Day fifty, two more crew to punishment, poor Enoch they had taken the lads right leg, this is ironic for I had issued orders that all men turn over their left shoes to cookie for stew.
The crew hop about the vessel now, as it is impossible to place a bare foot on the red hot decks. Old Dan the bucket maker is having a hard time, he had only one left leg at the start of the voyage, he shrieks in pain with every footstep.

Day sixty, Old Enoch croaked something incomprehensible in the tops, pointed a scrawny hand to the east, and plunged dead into the black swirling waters. But there thru the mists we sighted the black cliffs of Salford.

The men are in high spirits I have warned them of the ladies of Salford and the black pox, but alas in vain.

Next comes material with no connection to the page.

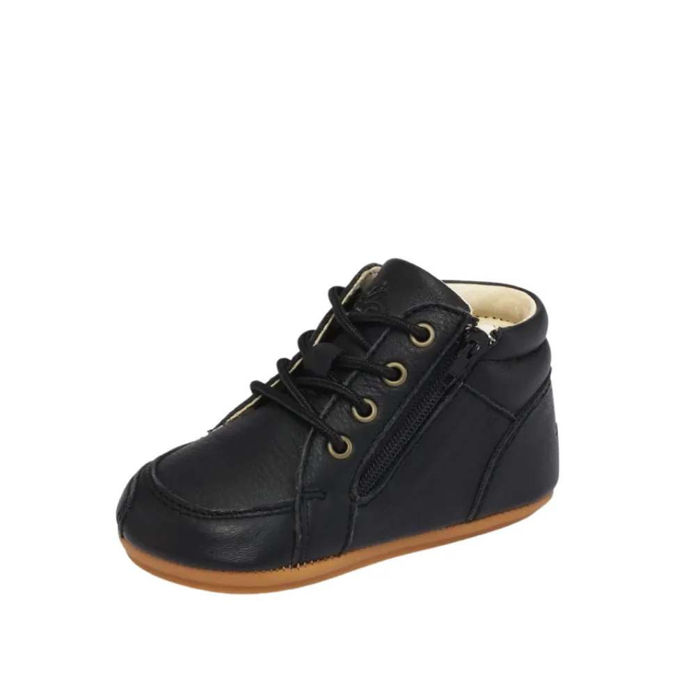 Bundgaard Prewalker Sko i Sort til Børn. Bundgaards Prewalker er en begynder sko til barnet, der så småt er begyndt at øve sig på at gå. Skoen har snøre og lynlås, som gør det let at komme i/af skoen.
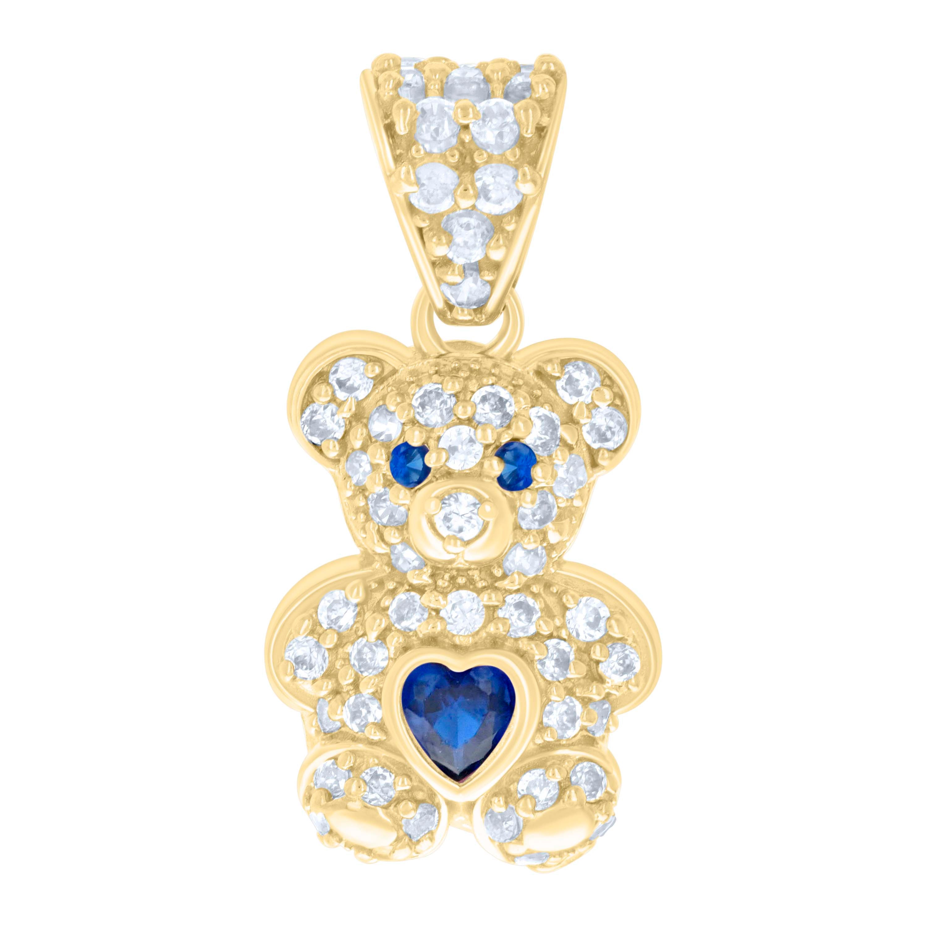 Introducing our exquisite 10Kt Gold Cz Pendant, a dazzling piece perfect for the sophisticated woman. Crafted from pure 10k yellow gold, this pendant features a charming teddy bear design adorned with striking blue and white heart and round cubic-zirconia stones, representing the September birthstone. Weighing just 1.5 grams, this polished pendant is light yet durable. Its elegant single bail closure makes it easy to wear, while the prong/bezel setting ensures the stones are secure and sparkling. Measuring 20.3MM in height and 9.7MM in width, this pendant is a stunning addition to any jewelry collection, effortlessly enhancing your elegance and style. Embrace the perfect blend of whimsy and luxury with this beautiful pendant.

Day 75, I pay off the ships company, forty three men set sail from Birkenhead before the mast of the Phylis Gizzard, 17 remained on payoff day, thus is the life of a sailor, and those that dare the waters of the Manchester Ship Canal.


----------



## rothesian (Dec 31, 2005)

*Ferry*

there was and must still be a ferry at Stanlow Oil Docks.
There was a fire on the canal around 1969/70 when an overflow from the Tacoma was ignited. I believe the cargo was petroleum spirit or naphtha. Skipper was at home in bed at the time.


----------



## Pat Kennedy (Apr 14, 2007)

rothesian said:


> there was and must still be a ferry at Stanlow Oil Docks.
> There was a fire on the canal around 1969/70 when an overflow from the Tacoma was ignited. I believe the cargo was petroleum spirit or naphtha. Skipper was at home in bed at the time.

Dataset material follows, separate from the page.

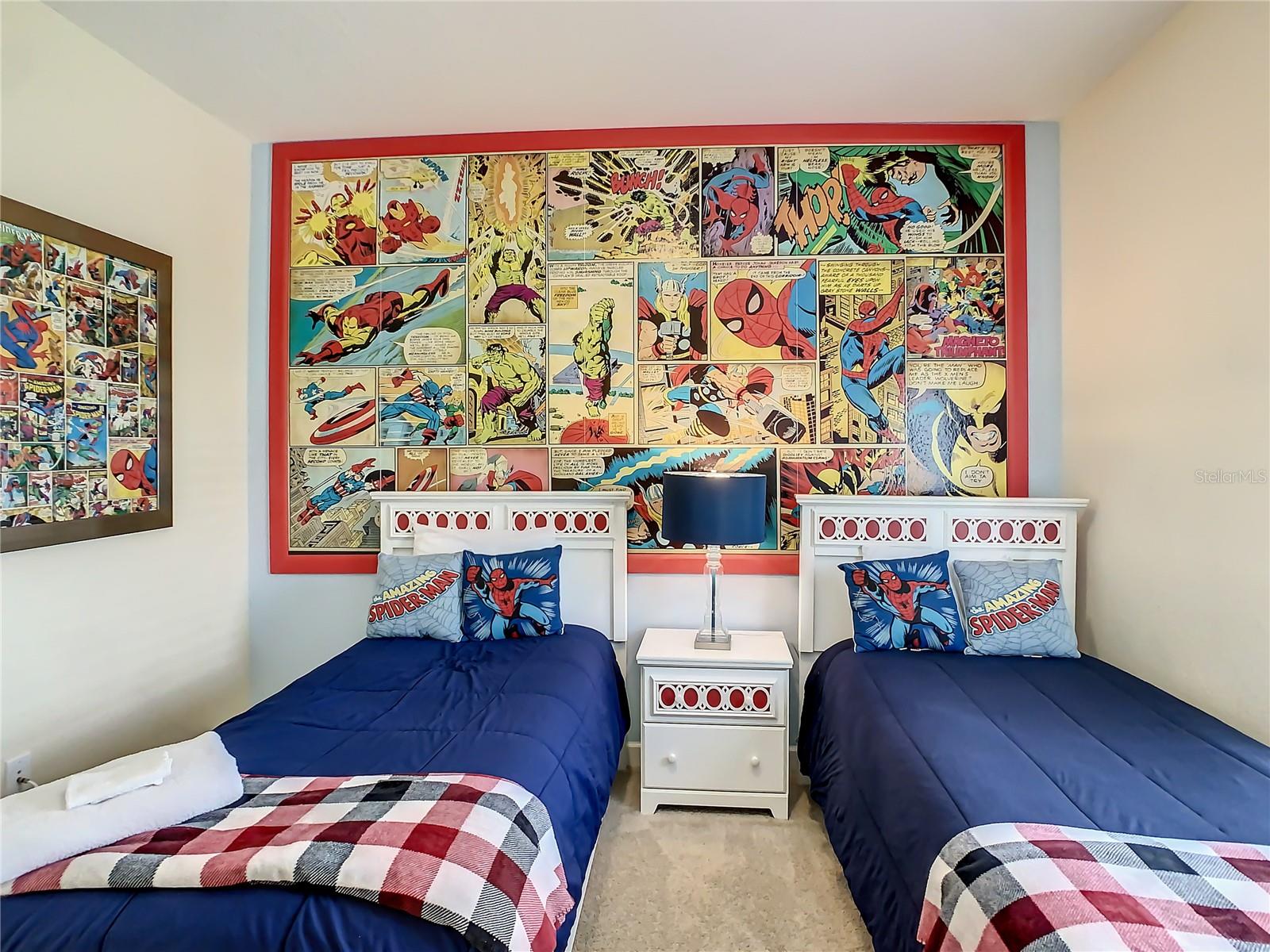 Fully Furnished Disney-Themed Vacation Home – 5 Bedrooms in a Corner Lot Resort Community. Step into this beautifully themed 5-bedroom, 4-bathroom townhome in the highly sought-after Storey Lake Resort, just minutes from Orlando’s top attractions, malls, and restaurants. Designed for comfort and entertainment, this home features themed bedrooms, including Harry Potter, Toy Story, Mickey Mouse, Spiderman, and a Princess Room. The spacious open floor plan includes a fully equipped kitchen with 42” cabinets, two large master suites upstairs, and a private heated pool. Enjoy access to resort-style amenities such as a heated pool, lazy river, two water slides, a splash park, rental kayaks, and a 9-hole mini golf course. Additional facilities include sand volleyball and tennis courts, an extended-hours fitness center, and a tiki bar with entertainment. Perfect as a full-time residence or vacation rental investment, this home offers relaxation and adventure for family, friends, or guests. HOA fees cover 24-hour gated security, trash collection, landscaping, exterior pest control, water and sewer, cable TV, internet, exterior paint reserves, and roof maintenance. Experience the perfect blend of luxury, convenience, and fun—your dream vacation home awaits!

Here is the ferry at Stanlow which takes passengers from the main refinery acroos the canal to Stanlow oil dock


----------



## andy990 (Oct 26, 2014)

All interesting stuff, thanks for posting. Love the Stanley Holloway song about The Runcorn Ferry Tom. My grandad always used to do Stanley's Albert & The Lion monologue at Xmas.


----------